“Non è razzista temere l'arrivo dei migranti”, dice il primate anglicano
Roma. In un’intervista concessa al periodico The House, l’arcivescovo di Canterbury e capo della chiesa d’Inghilterra, Justin Welby – che non è solito concedere troppi colloqui con i giornalisti – è intervenuto sul tema dell’immigrazione, anche in vista del referendum sulla permanenza del Regno Unito nell’Unione europea in calendario il prossimo 23 giugno. Riferendosi ai timori che serpeggiano nella popolazione, specie dopo le immagini degli enormi accampamenti a Calais occupati da migranti in speranzosa attesa di attraversare la Manica, Welby ha detto: “C’è la tendenza di dire che ‘queste persone sono razziste’, il che è oltraggioso, assolutamente oltraggioso. C’è una reale paura: che cosa accadrà sul piano dell’accoglienza? E riguardo l’occupazione? E nell’accesso ai servizi sanitari? E’ davvero importante che questa paura sia ascoltata e che a essa venga data qualche risposta”.

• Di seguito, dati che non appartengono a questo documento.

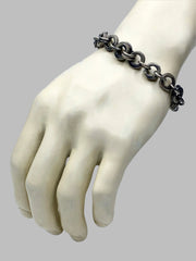 The Triple Double Moon Link Bracelet is a handcrafted masterpiece, featuring a design that combines triple and double-layered signature Jelena Behrend Moon links. Each link is meticulously made by hand, creating a beautiful and harmonious flow. The bracelet is finished with a handmade clasp and treated to achieve an 'aged' look, evoking ancient artistry and timeless design. This special bracelet is available in women's size, offering a truly unique and elegant piece that celebrates both heritage and modern craftsmanship.

Il primate anglicano, vertice spirituale di una chiesa che rappresenta circa 85 milioni di fedeli in 165 paesi, è chiaro quando osserva che le preoccupazioni dell’elettorato sull’impatto di queste nuove emergenze sulla comunità britannica “sono legittime”. Welby ha ricordato le sue antiche esperienze come sacerdote in piccole comunità di provincia, dove tali problemi sono avvertiti in maniera ben più forte che in metropoli multietniche come Londra o Birmingham. La paura – ha aggiunto – “è un’emozione giustificata in un tempo di crisi colossale com’è quello in cui viviamo. Abbiamo a che fare con uno dei maggiori movimenti di persone nella storia umana. Enorme. Essere in ansia per questo è del tutto ragionevole”.
Welby non ha preso posizione sul referendum, ma implicitamente ha fatto intendere di pensarla come il primo ministro David Cameron quando ha detto che quella dell’immigrazione “è una sfida enorme che può essere affrontata solo a livello europeo” e che “la mancanza di una soluzione” a livello comunitario non fa altro che “aggravare in modo davvero significativo la crisi”. Un problema così grande, ha sottolineato ancora l’arcivescovo di Canterbury, “può essere fronteggiato solo “con una risposta della stessa rilevanza in Europa, e noi dobbiamo giocare la nostra parte”. Richiesto di dare un’indicazione di voto esplicita, il primate si è però tirato indietro: “Non c’è una visione cristiana ‘giusta’ in proposito; Dio non direbbe di votare in un modo o nell’altro”. Semmai, ha chiosato, “il dibattito dovrebbe essere più centrato sul ruolo della Gran Bretagna nel mondo”.